Томирис смотрит на меня по-доброму, с жалостью, говорит тихо, просяще:
— Выпейте, это не больно.
Протягивает мне стакан.
— Это яд?
— Нет, что вы! — чуть обижено отзывается она. — Мы не шарлатаны какие-нибудь. Это — дрель.
— Это? — не веря, тычу на стакан.
— Да, она самая.
— И вы не станете сверлить мне мозг?
— Если выпьете — не станем.
Киваю, беру стакан дрожащими руками, пью, зубы выбивают дробь о край посудины. Микстура даже вкусна. Нотки лимона и каштанового мёда, но горло обжигает, как крепкое спиртное.

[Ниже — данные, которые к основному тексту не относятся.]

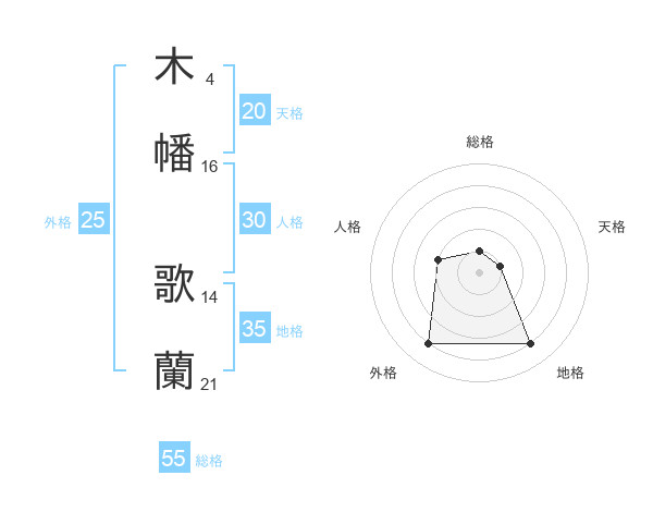 木幡 歌蘭さんの総格は55画の1点!

Меня ведёт, Ландар вовремя ловит и несёт на кровать. Когда укладывает, я сопротивляюсь, потому что мне нужно выяснить главное, иначе не успокоюсь.
Выглядываю из-за плеча мужа, наблюдаю, как доктор и его помощница укладывают предметы назад в саквояж.

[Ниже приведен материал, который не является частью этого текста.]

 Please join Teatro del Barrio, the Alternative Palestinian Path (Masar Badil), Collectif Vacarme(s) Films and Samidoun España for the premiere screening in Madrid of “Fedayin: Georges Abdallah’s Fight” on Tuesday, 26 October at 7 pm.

Но я должна спросить, иначе меня разорвёт.
— Почему дрель?
Слова даются с трудом. Язык едва ворочается.
Доктор округляет глаза.
— Так вы не знаете, что такое дрель?
— Знаю, это предмет такой… Им сверлят…
— Нет же! — со смехом отмахивается лекарь. — То — мозгоковырялка. А дрель — древо-лекарь, сокращение такое. Отвар из плодов нескольких деревьев, экстракт из коры других, настой из веток третьих… Вот и готова наша дрель.
Утыкаюсь в плечо Ландара, хохочу.
Какой дикаркой они, наверное, увидели меня сейчас! Обычно попаданки аборигенов магических миров считают дикими и отсталыми, а тут я, человек из цивилизованного двадцать первого века, такое учудила, даже не разобравшись.
Ландар гладит меня по спине и виноватым тоном говорит доктору:
— Простите её. Моя жена двадцать лет просидела в башне. Многого не знает.
— Бедное дитя, — качает головой доктор, раскланивается, подхватывает саквояж и Томирис под локоток, и спешно ретируется.
Когда за доктором и его ассистенткой закрывается дверь, Ландар поворачивается ко мне и внимательно смотрит в глаза.
Потом, приподняв лицо за подбородок, спрашивает немного грустно:
— Ты, правда, подумала, что я позволю причинить тебе вред? Сделать с тобой что-то дурное? Ты столь плохого обо мне мнения?
Отползаю, закрываю пылающее лицо руками и с трудом произношу:
— Да.
Он вздыхает, встаёт, уходит на время в свою мастерскую и вскоре возвращается с маленькой коробочкой.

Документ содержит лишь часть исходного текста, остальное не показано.